_Directions for this task_.
Retyped exactly and without pictures, the lines from the one with "Our questionnaire survey" through the end of the listing must form the entire answer.

--- Data below Enclosed Below ---

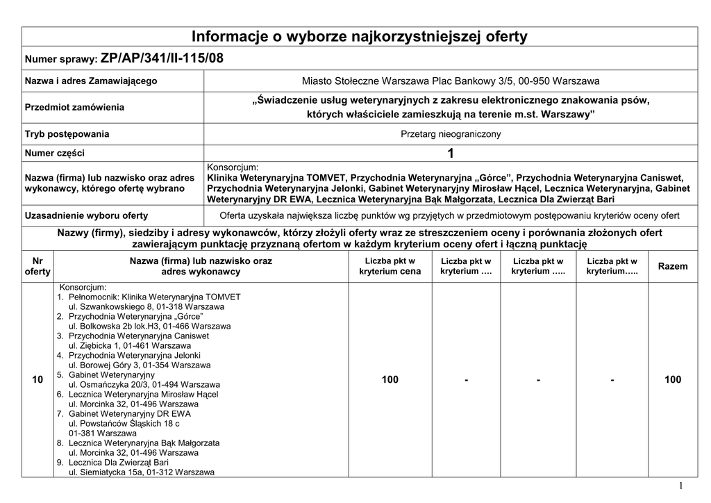 Informacje o wyborze najkorzystniejszej oferty Numer sprawy: ZP/AP/341/II-115/08 Miasto Stołeczne Warszawa Plac Bankowy 3/5, 00-950 Warszawa Nazwa i adres Zamawiającego „Świadczenie usług weterynaryjnych z zakresu elektronicznego znakowania psów, których właściciele zamieszkują na terenie m.st. Warszawy” Przedmiot zamówienia Tryb postępowania Przetarg nieograniczony 1 Numer części Nazwa (firma) lub nazwisko oraz adres wykonawcy, którego ofertę wybrano Uzasadnienie wyboru oferty Konsorcjum: Klinika Weterynaryjna TOMVET, Przychodnia Weterynaryjna „Górce”, Przychodnia Weterynaryjna Caniswet, Przychodnia Weterynaryjna Jelonki, Gabinet Weterynaryjny Mirosław Hącel, Lecznica Weterynaryjna, Gabinet Weterynaryjny DR EWA, Lecznica Weterynaryjna Bąk Małgorzata, Lecznica Dla Zwierząt Bari Oferta uzyskała największa liczbę punktów wg przyjętych w przedmiotowym postępowaniu kryteriów oceny ofert Nazwy (firmy), siedziby i adresy wykonawców, którzy złoŜyli oferty wraz ze streszczeniem oceny i porównania złoŜonych ofert zawierającym punktację przyznaną ofertom w kaŜdym kryterium oceny ofert i łączną punktację Nr oferty 10 Nazwa (firma) lub nazwisko oraz adres wykonawcy Konsorcjum: 1. Pełnomocnik: Klinika Weterynaryjna TOMVET ul. Szwankowskiego 8, 01-318 Warszawa 2. Przychodnia Weterynaryjna „Górce” ul. Bolkowska 2b lok.H3, 01-466 Warszawa 3. Przychodnia Weterynaryjna Caniswet ul. Ziębicka 1, 01-461 Warszawa 4. Przychodnia Weterynaryjna Jelonki ul. Borowej Góry 3, 01-354 Warszawa 5. Gabinet Weterynaryjny ul. Osmańczyka 20/3, 01-494 Warszawa 6. Lecznica Weterynaryjna Mirosław Hącel ul. Morcinka 32, 01-496 Warszawa 7. Gabinet Weterynaryjny DR EWA ul. Powstańców Śląskich 18 c 01-381 Warszawa 8. Lecznica Weterynaryjna Bąk Małgorzata ul. Morcinka 32, 01-496 Warszawa 9. Lecznica Dla Zwierząt Bari ul. Siemiatycka 15a, 01-312 Warszawa Liczba pkt w kryterium cena Liczba pkt w kryterium …. Liczba pkt w kryterium ….. Liczba pkt w kryterium….. Razem 100 - - - 100 1 2 Numer części Nazwa (firma) lub nazwisko oraz adres wykonawcy, którego ofertę wybrano Uzasadnienie wyboru oferty Konsorcjum: Całodobowa Klinika Weterynaryjna „VETKA”, Przychodnia Weterynaryjna RADWET, Gabinet Weterynaryjny Luxvet, Lecznica Weterynaryjna Centrum Zdrowia Małych Zwierząt, Przychodnia Weterynaryjna AMICULUS Oferta uzyskała największa liczbę punktów wg przyjętych w przedmiotowym postępowaniu kryteriów oceny ofert Nazwy (firmy), siedziby i adresy wykonawców, którzy złoŜyli oferty wraz ze streszczeniem oceny i porównania złoŜonych ofert zawierającym punktację przyznaną ofertom w kaŜdym kryterium oceny ofert i łączną punktację Nr oferty 14 Nazwa (firma) lub nazwisko oraz adres wykonawcy Konsorcjum: 1. Pełnomocnik: Całodobowa Klinika Weterynaryjna „VETKA” ul. Modlińska 65, 03-199 Warszawa 2. RADWET Przychodnia Weterynaryjna ul. Myśliborska 104, 03-185 Warszawa 3. Gabinet Weterynaryjny Luxvet ul. Modlińska 331, 03-151 Warszawa 4. Lecznica Weterynaryjna Centrum Zdrowia Małych Zwierząt ul. Śreniawitów 9, 03-188 Warszawa 5. Przychodnia Weterynaryjna AMICULUS ul. Pancerna 6 A, 03-187 Warszawa Numer części Nazwa (firma) lub nazwisko oraz adres wykonawcy, którego ofertę wybrano Uzasadnienie wyboru oferty Liczba pkt w kryterium cena Liczba pkt w kryterium .......... - 100 Liczba pkt w kryterium ........... Liczba pkt w kryterium ...... Razem - - 100 3 Polskie Towarzystwo Rejestracji i Identyfikacji Zwierząt ul. Wały Piastowskie 1, 80-855 Gdańsk Oferta uzyskała największa liczbę punktów wg przyjętych w przedmiotowym postępowaniu kryteriów oceny ofert Nazwy (firmy), siedziby i adresy wykonawców, którzy złoŜyli oferty wraz ze streszczeniem oceny i porównania złoŜonych ofert zawierającym punktację przyznaną ofertom w kaŜdym kryterium oceny ofert i łączną punktację 2 Nr oferty 1 19 Nazwa (firma) lub nazwisko oraz adres wykonawcy Konsorcjum: 1. Pełnomocnik: Gabinet Weterynaryjny, ul. Conrada 13, 01-922 Warszawa 2. Gabinet Weterynaryjny, Jerzy Czubak ul. Staffa 59, 01-884 Warszawa 3. Gabinet Weterynaryjny, ul. Klaudyny 32, 01-684 Warszawa 4. Gabinet Weterynaryjny, ul. Wolumen 53, 01-912 Warszawa 5. Gabinet Weterynaryjny Anna Pomianowska, ul. Staffa 2, 01-891 Warszawa 6. Prywatna Lecznica Zwierząt Anima s.c. J. Sobczyk, J. Jędruch, K. Ratajska-Michalczak, B. Barańska, ul. RóŜana 71, 02-569 Warszawa 7. Przychodnia Weterynaryjna, ul. Conrada 4a, 01-922 Warszawa Polskie Towarzystwo Rejestracji i Identyfikacji Zwierząt, ul. Wały Piastowskie 1 80-855 Gdańsk Numer części Nazwa (firma) lub nazwisko oraz adres wykonawcy, którego ofertę wybrano Uzasadnienie wyboru oferty Liczba pkt w kryterium cena Liczba pkt w kryterium ........ 53,94 - 100 - Liczba pkt w kryterium ......... Liczba pkt w kryterium ....... Razem - - 53,94 - - 100 4 Konsorcjum: Centrum Zdrowia Małych Zwierząt MULTIWET Spółka Cywilna, Gabinet Weterynaryjny Zygmunt Kudelski, Prima-Vet Magdalena Zdanowska, Przychodnia Weterynaryjna Sfora, Lecznica Zwierząt Janusz Gawliński, Lecznica Weterynaryjna Hau-Miau s. c, Prywatna Lecznica Zwierząt Anima s.c., Gabinet Weterynaryjny Vitea Vet, Przychodnia Weterynaryjna na Katalońskiej, Gabinet Weterynaryjny „Prima-Vet”, Klinika Weterynaryjna Elwet s. c., Przychodnia Weterynaryjna Nova, Gabinet Weterynaryjny Tomasz Kuszewski, Przychodnia Weterynaryjna Vets, Lecznica Weterynaryjna Morskie Oko, Oferta uzyskała największa liczbę punktów wg przyjętych w przedmiotowym postępowaniu kryteriów oceny ofert Nazwy (firmy), siedziby i adresy wykonawców, którzy złoŜyli oferty wraz ze streszczeniem oceny i porównania złoŜonych ofert zawierającym punktację przyznaną ofertom w kaŜdym kryterium oceny ofert i łączną punktację 3 Nr oferty Nazwa (firma) lub nazwisko oraz adres wykonawcy Liczba pkt w kryterium cena 18 Konsorcjum: 1. Pełnomocnik: Centrum Zdrowia Małych Zwierząt MULTIWET Spółka 
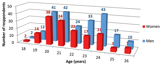 Our questionnaire survey included 224 men and 160 women. Thus, 48% of the total respondents were men and 42% women. The average age of the respondents was 22 years. The average driving experience expressed as the number of kilometers was at the level of 63,388 km. The composition of the respondents is shown in Figure 3.
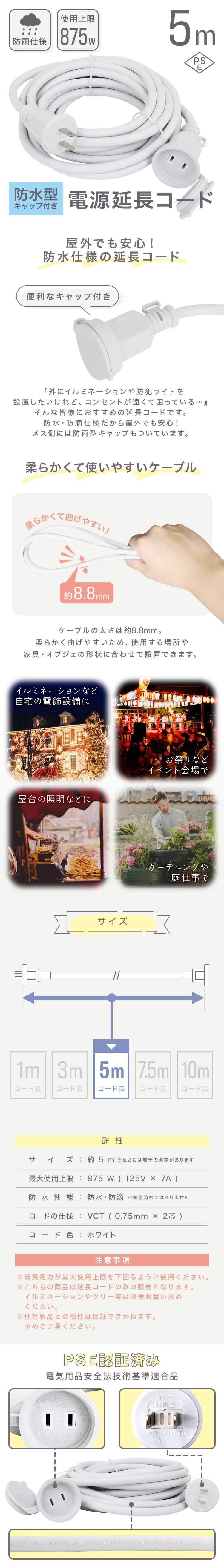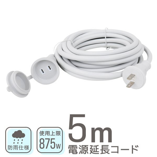 - 電源延長コード 延長ケーブル 延長コード 屋外 5m 電源 コード 屋内 屋外 電源コード アウトドア イルミネーション PSE認証 新品 未使用
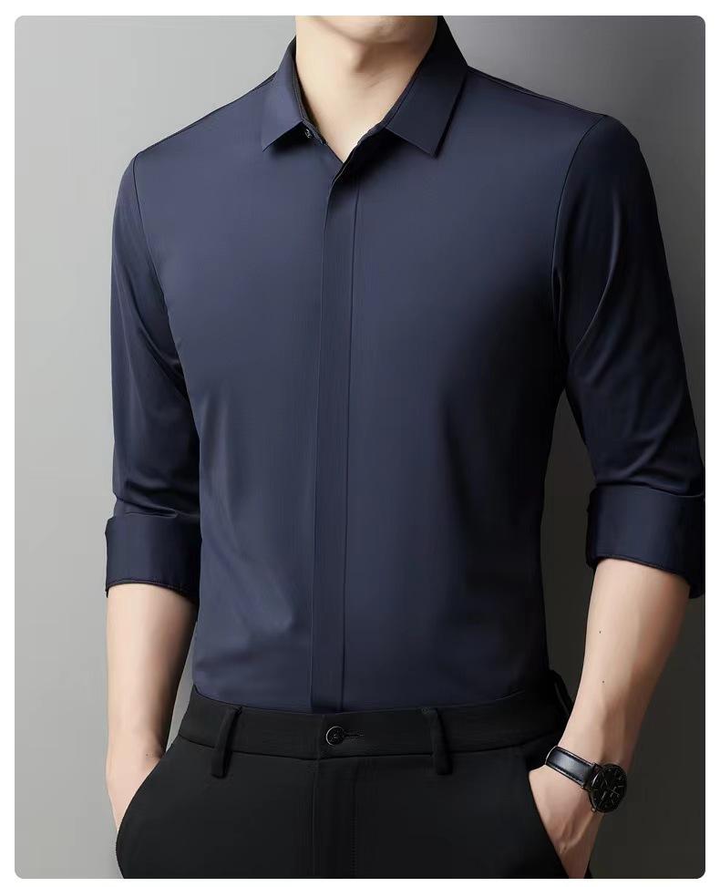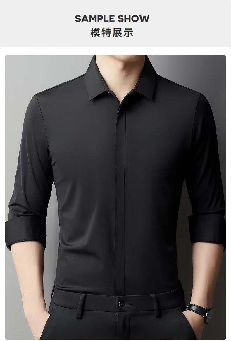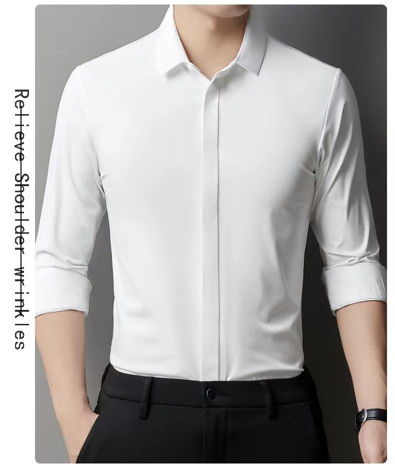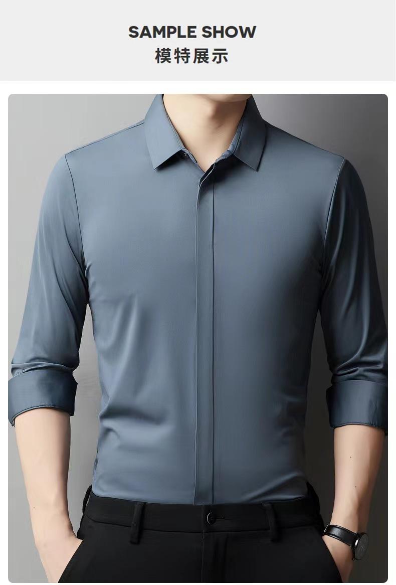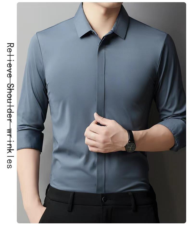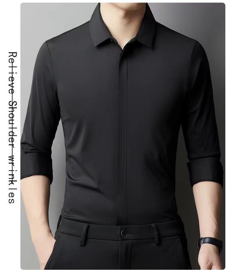 Compre [Alta elasticidade em todos os lados] Camisa de manga comprida sem costura masculina primavera e outono camisa de seda casual de negócios que não pode passar no atacado no Joom.pro

--- End of Enclosed Data below ---

_Result of the exercise_.
 Our questionnaire survey included 224 men and 160 women. Thus, 48% of the total respondents were men and 42% women. The average age of the respondents was 22 years. The average driving experience expressed as the number of kilometers was at the level of 63,388 km. The composition of the respondents is shown in Figure 3.
 - 電源延長コード 延長ケーブル 延長コード 屋外 5m 電源 コード 屋内 屋外 電源コード アウトドア イルミネーション PSE認証 新品 未使用
 Compre [Alta elasticidade em todos os lados] Camisa de manga comprida sem costura masculina primavera e outono camisa de seda casual de negócios que não pode passar no atacado no Joom.pro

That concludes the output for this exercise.